Dosis de felicidad que nunca se parecerán a Ella



No tengo demasiadas ganas de tener esta conversación, pero mi amigo necesita desahogarse. No me importa que me diga lo que quiera, que me cuente lo puta que le parece su ex novia y  lo perfecta que es, si quisiera volver con él. Pero no quiero que me haga preguntas. No quiero que pretenda comparar su caso con el mío. No quiero que me haga recordar.
Pero es mi mejor amigo. 

–Y, dime, ¿qué va a pasar ahora? No creo que pueda volver a sentir algo así por nadie. Joder, no creo que pueda ser como tú; salir de una relación y tirarme a todas las tías que me la pongan dura. 

–Es solo sexo –me limito a decir. Los vestuarios masculinos, después de un partido de fútbol, no son el mejor sitio para hablar de estas cosas, pero a él no parece importarle el escenario. 

Me miro en el espejo y me veo algo desmejorado. Diría que la barba está demasiado larga, pero me alegra recordar que es lo que se lleva ahora; puedo descuidar mi aspecto sin llamar la atención.

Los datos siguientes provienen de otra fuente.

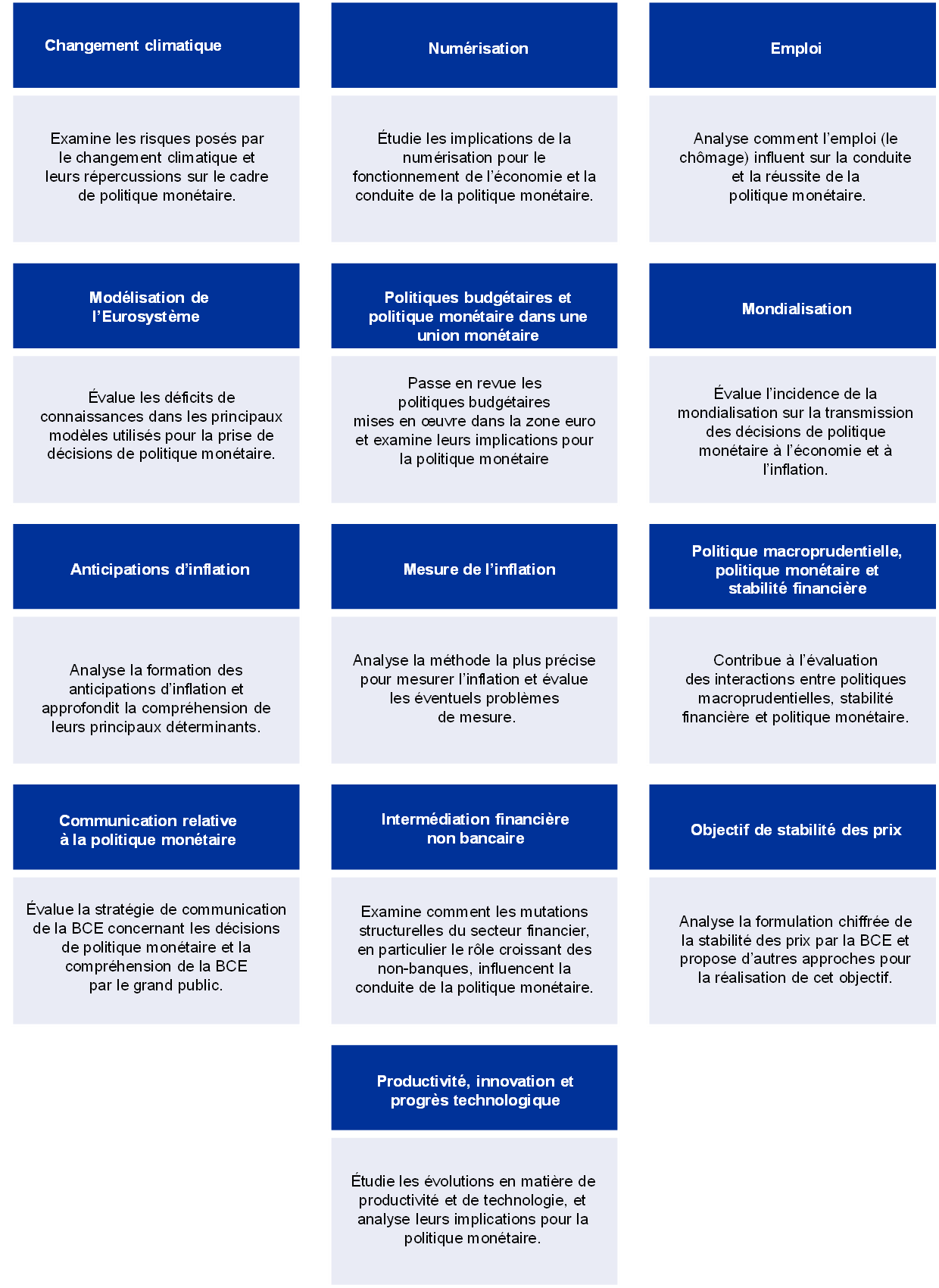En janvier, le Conseil des gouverneurs a lancé une évaluation de la stratégie de politique monétaire de la BCE afin de s’assurer qu’elle continue de servir ses objectifs. Cette évaluation vise à analyser en détail les implications des profonds changements survenus depuis la dernière révision, en 2003, comme la baisse persistante de l’inflation et des taux d’intérêt d’équilibre ainsi que les effets de la mondialisation, de la numérisation et du changement climatique. Devant se terminer au second semestre 2021, elle examinera si la BCE doit ajuster sa stratégie de politique monétaire et selon quelles modalités.

He perdido peso, pero tampoco lo ha notado nadie. 

No sé muy bien lo que mi amigo dice, pero habla de ella; la puta que lo ha dejado por otro, la puta que ama, la puta que hiere. Porque ella es puta, pero él no, a pesar de haberlo sido más que ella. Y él sigue creyendo que tiene razones para odiarla porque lo que hace él “no es lo mismo” que lo parecido que hace ella. No, no es lo mismo, es peor, pero si lo reconoce, se dará cuenta de que la ha perdido. 

–Y tengo ganas de estar con más tías, pero solo en la cama. Tú ya me entiendes… –dice mi amigo. Parece sentirse mal de desear a otras mujeres. Pero lo hace; las desea y las posee–. A ti se te ve bien con tu harén de macizas. 

Por unos instantes, deseo escupirle las verdades de mi soledad, pero no sabría cómo expresar la realidad, ni tengo claro que vaya a servirle de ayuda.

Me gustaría decirle lo feliz que me hace acostarme con una mujer. Esa sensación increíble que me aporta felicidad absoluta. En esos instantes, no hay nadie más que mi felicidad y yo. Ellas solo son el medio para llegar al fin. Nos usamos mutuamente, y eso me hace sentir menos egoísta. Solo quiero que cumplan, que me hagan sentir bien durante un tiempo, porque eso es fácil: la felicidad efímera. Así no pueden fallarme, porque no espero más. Solo un rato de felicidad, y eso todo el mundo lo puede proporcionar. 

Entonces todo termina, antes o después, termina. Me acuesto boca arriba y evito mirarlas. Me regocijo en el placer de los segundos después de la felicidad, y entonces, ésta también se termina. Y tengo ganas de llorar. Tengo ganas de llorar porque antes, con ELLA, era feliz todo el rato, las 24 horas del día, a cada momento, en cada respiro. Feliz de una manera distinta, con cosas distintas, pero feliz, al fin y al cabo. Pero ahora no logro mantener esa felicidad, porque ELLA ya no está. Y nunca más a volver. 

Y yo sigo sobreviviendo, a base de pequeñas dosis de felicidad que nunca se parecerán a ELLA.